**RECORDED DATA**
..............................

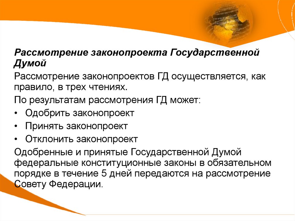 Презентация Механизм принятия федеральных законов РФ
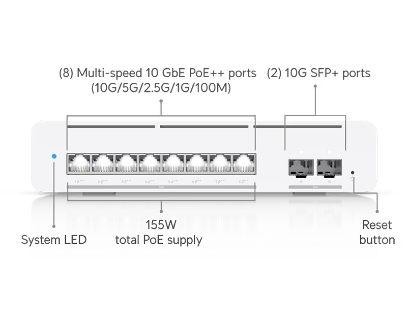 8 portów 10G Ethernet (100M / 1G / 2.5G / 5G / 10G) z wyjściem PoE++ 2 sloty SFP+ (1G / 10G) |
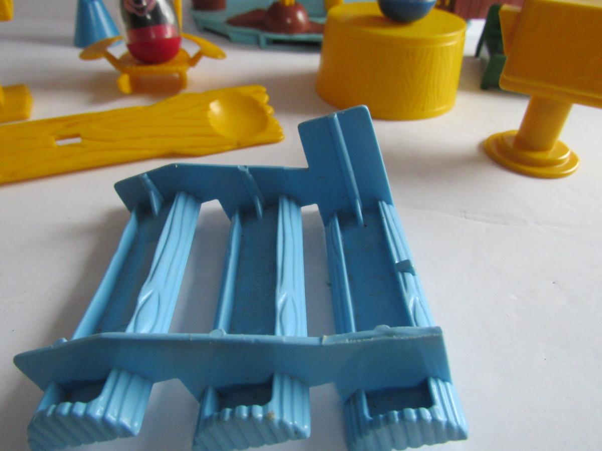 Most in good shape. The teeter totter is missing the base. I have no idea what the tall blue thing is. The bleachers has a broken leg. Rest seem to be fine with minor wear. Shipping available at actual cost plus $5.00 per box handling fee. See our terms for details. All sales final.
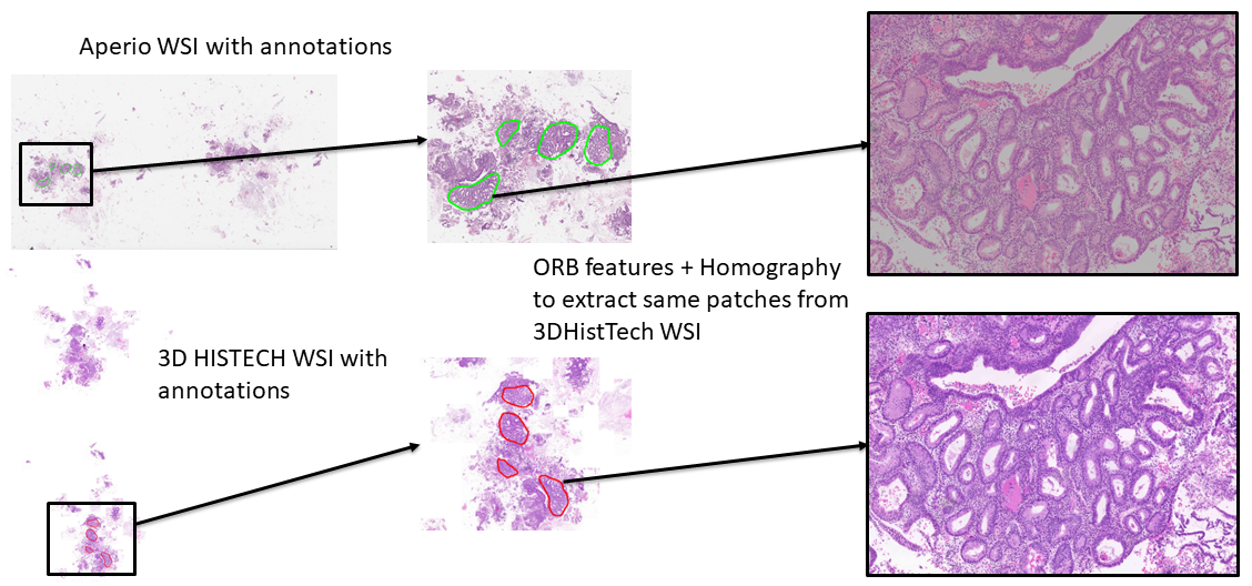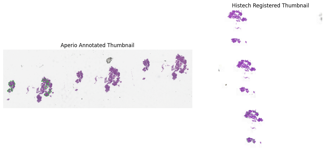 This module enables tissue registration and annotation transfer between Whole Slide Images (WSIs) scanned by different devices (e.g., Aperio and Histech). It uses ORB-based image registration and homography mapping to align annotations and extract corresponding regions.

..............................

Copy the data precisely. Skip every picture.

**WRITTEN SOLUTION**
 Презентация Механизм принятия федеральных законов РФ
 8 portów 10G Ethernet (100M / 1G / 2.5G / 5G / 10G) z wyjściem PoE++ 2 sloty SFP+ (1G / 10G) |
 Most in good shape. The teeter totter is missing the base. I have no idea what the tall blue thing is. The bleachers has a broken leg. Rest seem to be fine with minor wear. Shipping available at actual cost plus $5.00 per box handling fee. See our terms for details. All sales final.
 This module enables tissue registration and annotation transfer between Whole Slide Images (WSIs) scanned by different devices (e.g., Aperio and Histech). It uses ORB-based image registration and homography mapping to align annotations and extract corresponding regions.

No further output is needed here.